» Exercise brief: In your copy of the data below, reproduce every entry exactly and omit the pictures.

----- Provided records

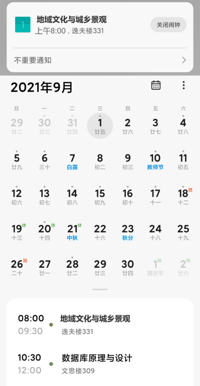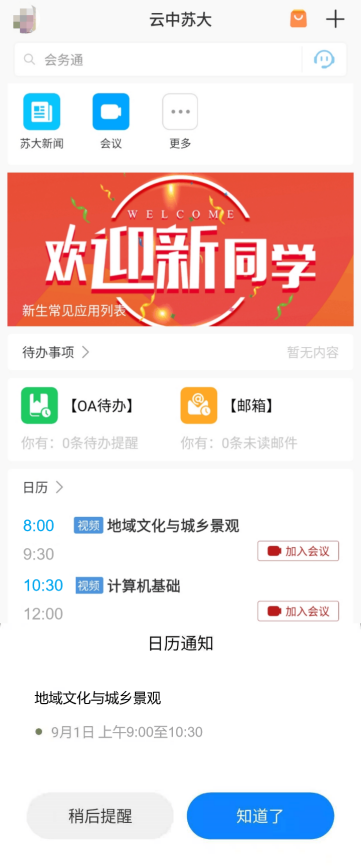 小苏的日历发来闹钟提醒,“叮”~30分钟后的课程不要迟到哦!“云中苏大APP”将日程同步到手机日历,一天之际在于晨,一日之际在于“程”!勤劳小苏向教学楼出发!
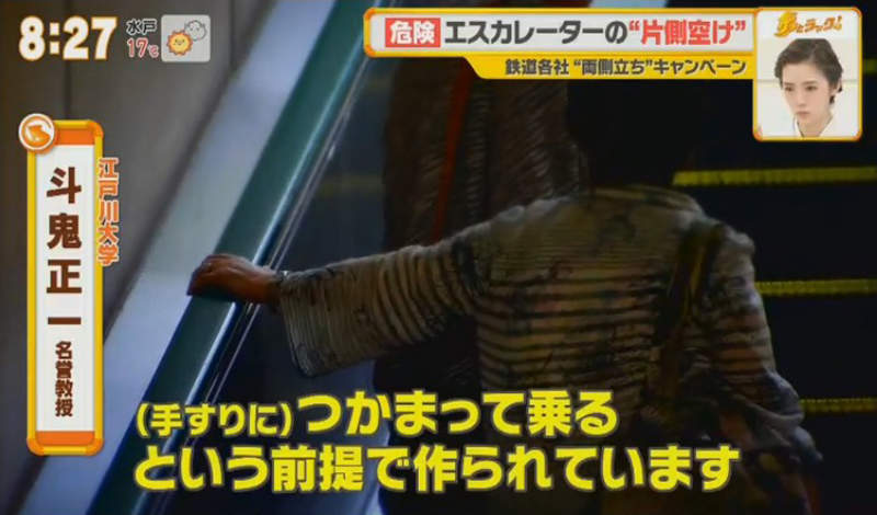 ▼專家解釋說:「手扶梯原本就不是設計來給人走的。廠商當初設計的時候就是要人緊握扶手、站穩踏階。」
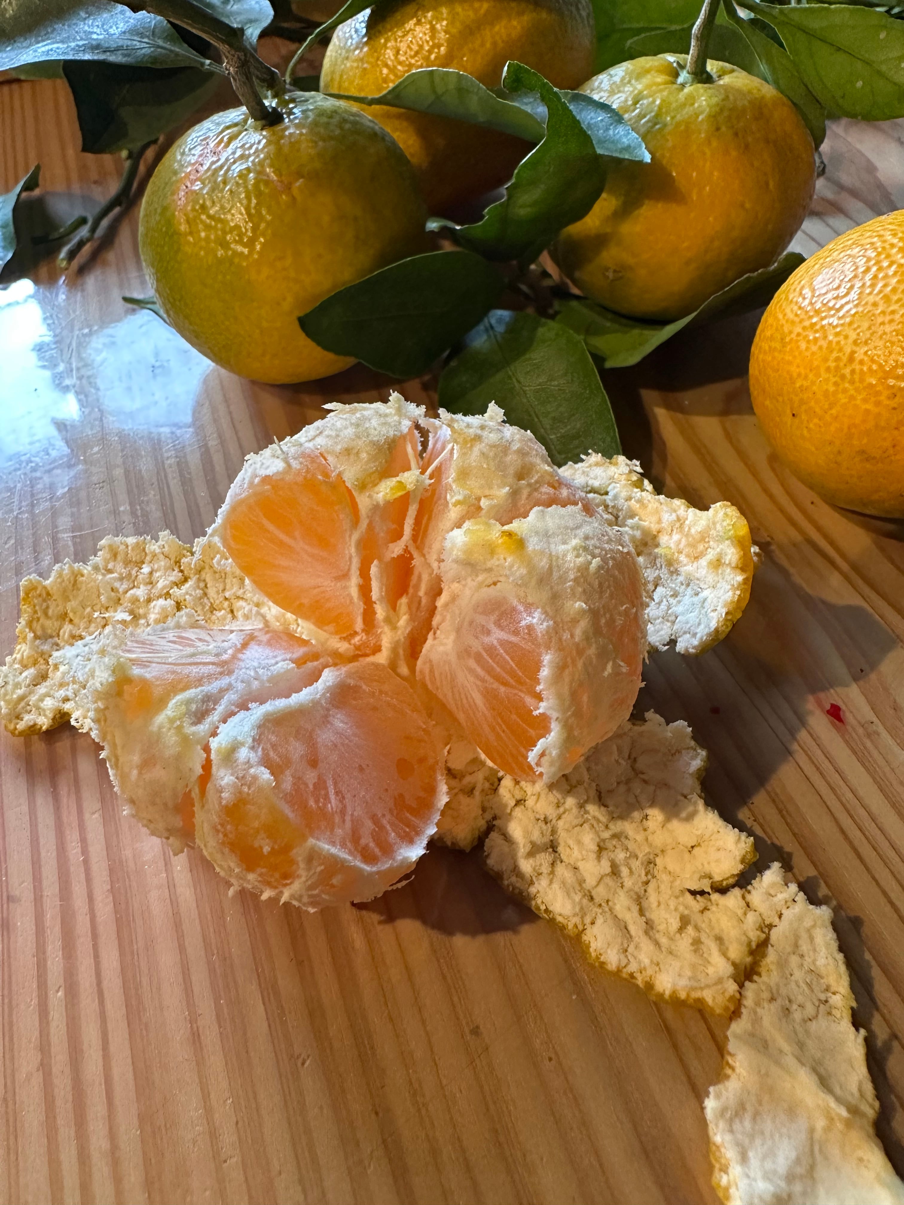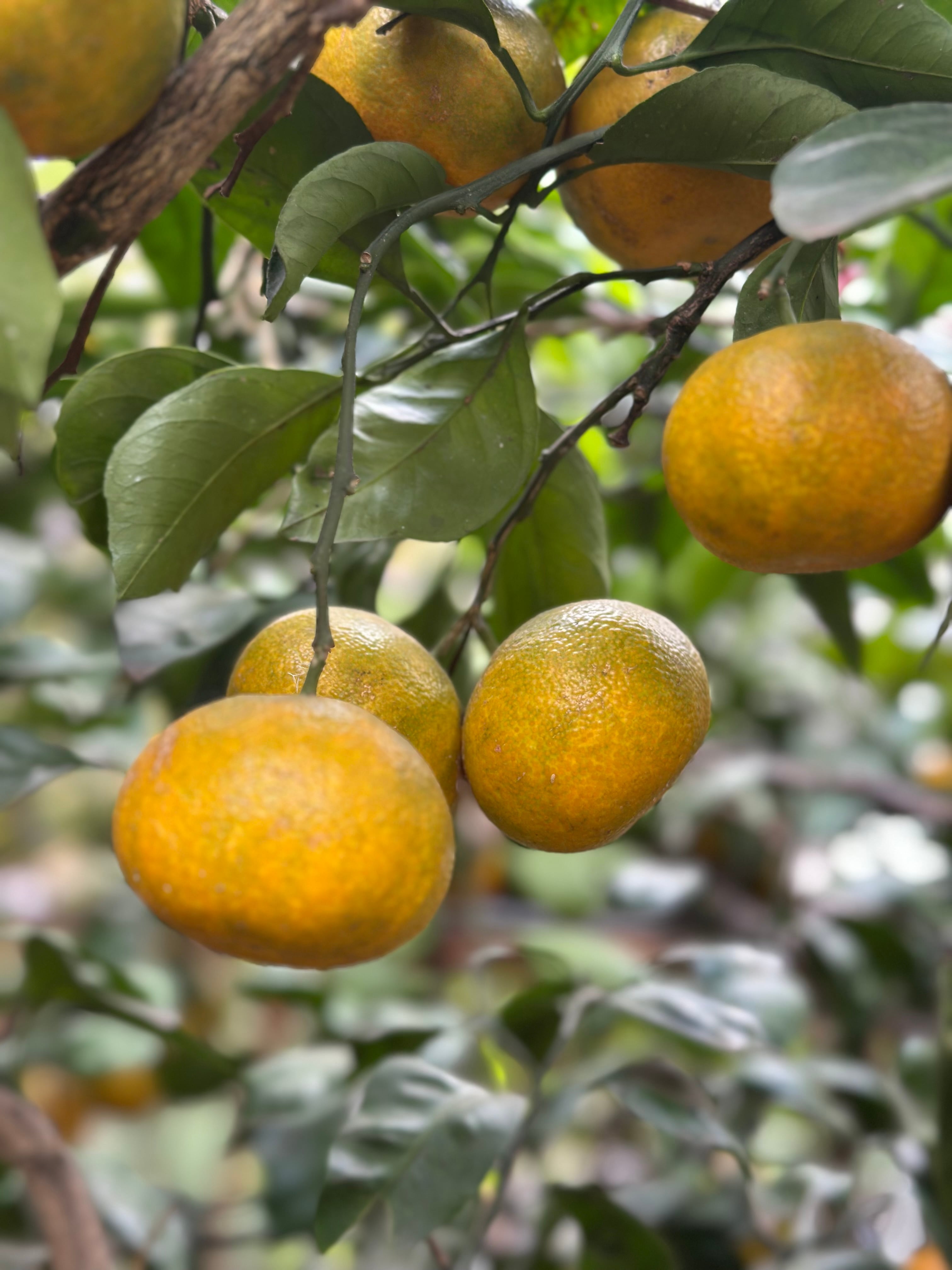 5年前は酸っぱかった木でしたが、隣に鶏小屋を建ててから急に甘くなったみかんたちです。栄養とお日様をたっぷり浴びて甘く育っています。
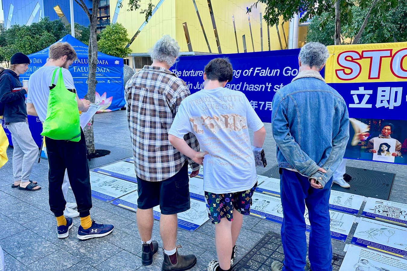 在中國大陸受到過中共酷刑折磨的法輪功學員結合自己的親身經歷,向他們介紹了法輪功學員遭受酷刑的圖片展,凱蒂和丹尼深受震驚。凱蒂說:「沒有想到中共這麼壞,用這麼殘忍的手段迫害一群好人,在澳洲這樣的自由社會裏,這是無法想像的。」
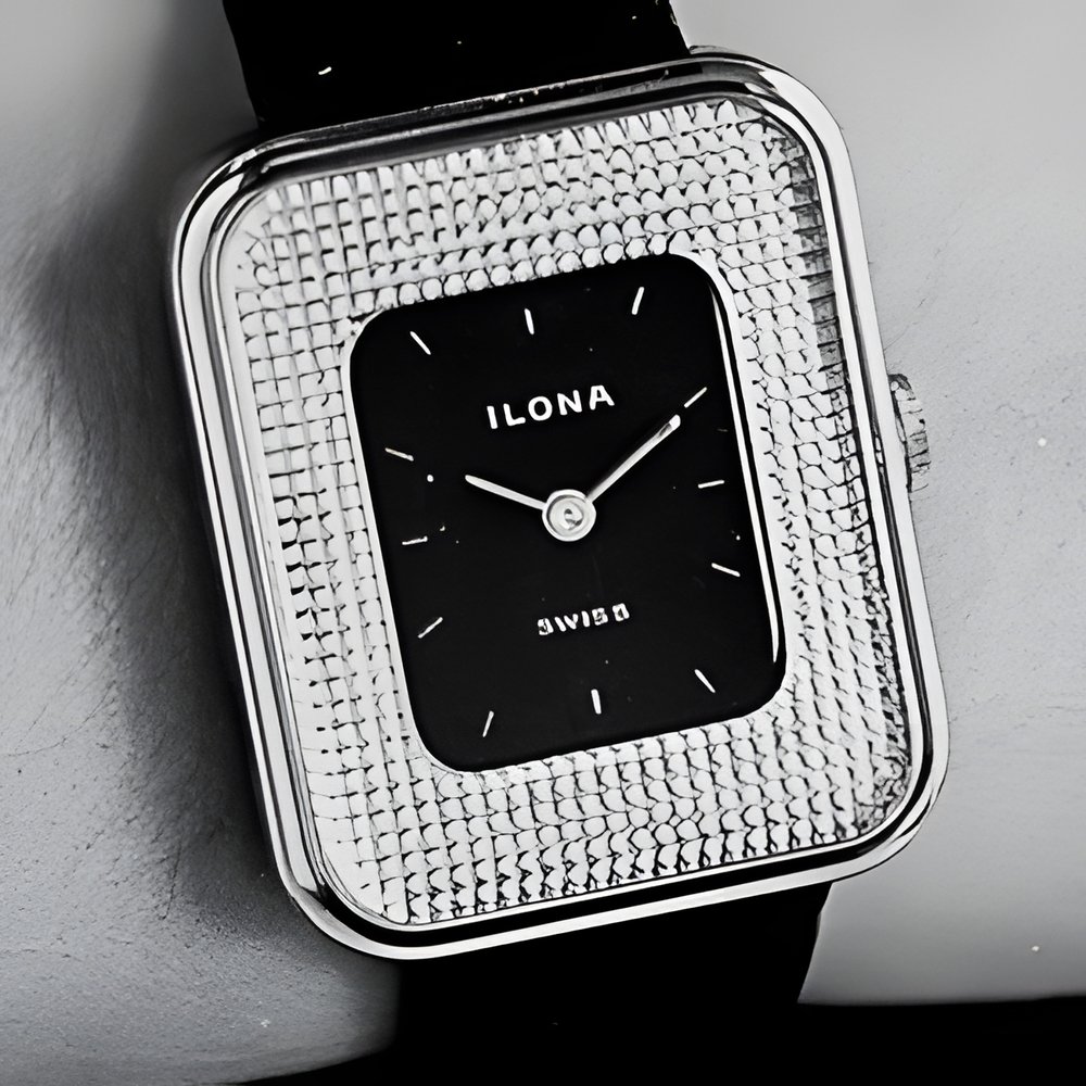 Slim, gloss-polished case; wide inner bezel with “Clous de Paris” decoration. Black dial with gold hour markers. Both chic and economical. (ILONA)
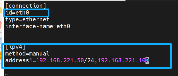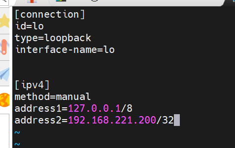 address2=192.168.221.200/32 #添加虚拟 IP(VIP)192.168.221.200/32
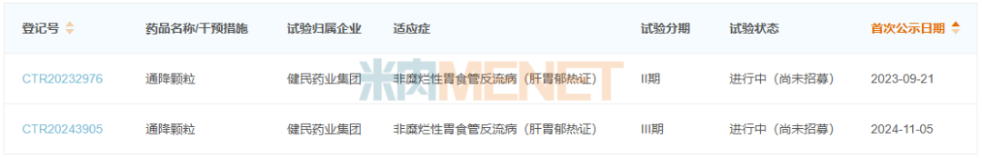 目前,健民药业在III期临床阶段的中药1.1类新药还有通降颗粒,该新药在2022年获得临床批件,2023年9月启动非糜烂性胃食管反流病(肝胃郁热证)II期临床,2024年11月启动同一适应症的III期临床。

----------

» Result of the exercise:
 小苏的日历发来闹钟提醒,“叮”~30分钟后的课程不要迟到哦!“云中苏大APP”将日程同步到手机日历,一天之际在于晨,一日之际在于“程”!勤劳小苏向教学楼出发!
 ▼專家解釋說:「手扶梯原本就不是設計來給人走的。廠商當初設計的時候就是要人緊握扶手、站穩踏階。」
 5年前は酸っぱかった木でしたが、隣に鶏小屋を建ててから急に甘くなったみかんたちです。栄養とお日様をたっぷり浴びて甘く育っています。
 在中國大陸受到過中共酷刑折磨的法輪功學員結合自己的親身經歷,向他們介紹了法輪功學員遭受酷刑的圖片展,凱蒂和丹尼深受震驚。凱蒂說:「沒有想到中共這麼壞,用這麼殘忍的手段迫害一群好人,在澳洲這樣的自由社會裏,這是無法想像的。」
 Slim, gloss-polished case; wide inner bezel with “Clous de Paris” decoration. Black dial with gold hour markers. Both chic and economical. (ILONA)
 address2=192.168.221.200/32 #添加虚拟 IP(VIP)192.168.221.200/32
 目前,健民药业在III期临床阶段的中药1.1类新药还有通降颗粒,该新药在2022年获得临床批件,2023年9月启动非糜烂性胃食管反流病(肝胃郁热证)II期临床,2024年11月启动同一适应症的III期临床。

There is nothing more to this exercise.